==== Data segment

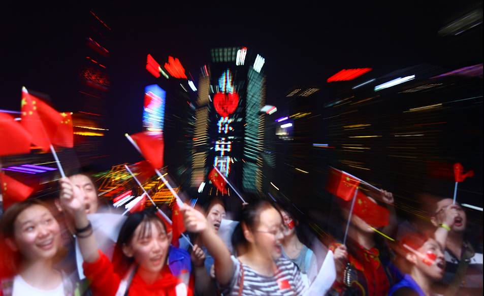 眾多熱心網(wǎng)友來到外灘,他們揮舞著五星紅旗,在黃浦江邊共同唱響這首心中的歌:《我愛你,中國!》
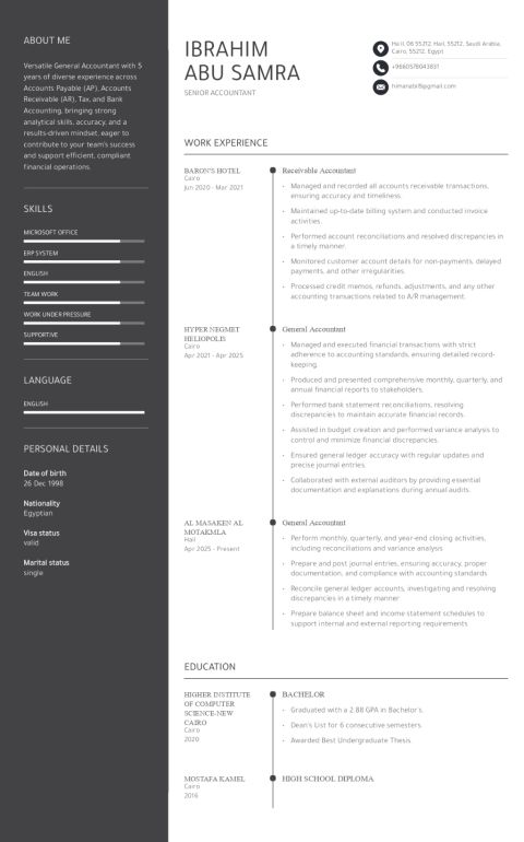 محاسب عام متعدد المهارات مع 5 سنوات من الخبرة المتنوعة في الحسابات الموردين (AP (الحسابات العملاء (AR (الضرائب، والمحاسبة البنكية، اعداد القيود والقوائم الماليه والحسابات الجردية والإقفالات، يتمتع بمهارات تحليلية قوية، دقة، وعقلية موجهة نحو النتائج، متحمس للمساهمة في نجاح فريقكم ودعم العمليات المالية الفعالة والمتوافقة عملت في المملكة لمدة 7 أشهر في الأعمال التالية تكوين شجرة حسابات - عمل دورة
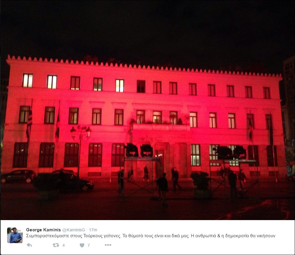 «Συμπαραστεκόμαστε στους Τούρκους γείτονες. Τα θύματά τους είναι και δικά μας. Η ανθρωπιά και η δημοκρατία θα νικήσουν», έγραψε στη λεζάντα της φωτογραφίας που ανήρτησε στο Twitter ο Δήμαρχος Αθηναίων Γιώργος Καμίνης.
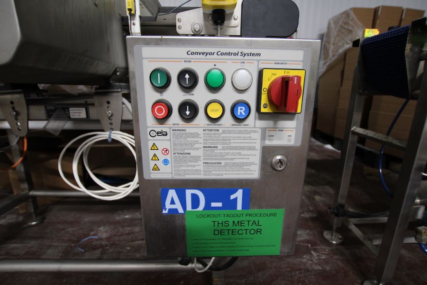 CEIA METAL DETECTOR WITH PRODUCT REJECT STATION, MODEL THS 21, S/N 21200242036, APERTURE APPROX. 15 IN. W X 3-1/2 IN. H (RIGGING, LOADING AND SITE MANAGEMENT FEE: $450.00)

========

What to do:
What is needed is an exact copy of the lines above from the one with "محاسب عام متعدد" to the one with "Αθηναίων Γιώργος Καμίνης.", both ends kept, and nothing more; please leave the pictures out.

Final answer:
 محاسب عام متعدد المهارات مع 5 سنوات من الخبرة المتنوعة في الحسابات الموردين (AP (الحسابات العملاء (AR (الضرائب، والمحاسبة البنكية، اعداد القيود والقوائم الماليه والحسابات الجردية والإقفالات، يتمتع بمهارات تحليلية قوية، دقة، وعقلية موجهة نحو النتائج، متحمس للمساهمة في نجاح فريقكم ودعم العمليات المالية الفعالة والمتوافقة عملت في المملكة لمدة 7 أشهر في الأعمال التالية تكوين شجرة حسابات - عمل دورة
 «Συμπαραστεκόμαστε στους Τούρκους γείτονες. Τα θύματά τους είναι και δικά μας. Η ανθρωπιά και η δημοκρατία θα νικήσουν», έγραψε στη λεζάντα της φωτογραφίας που ανήρτησε στο Twitter ο Δήμαρχος Αθηναίων Γιώργος Καμίνης.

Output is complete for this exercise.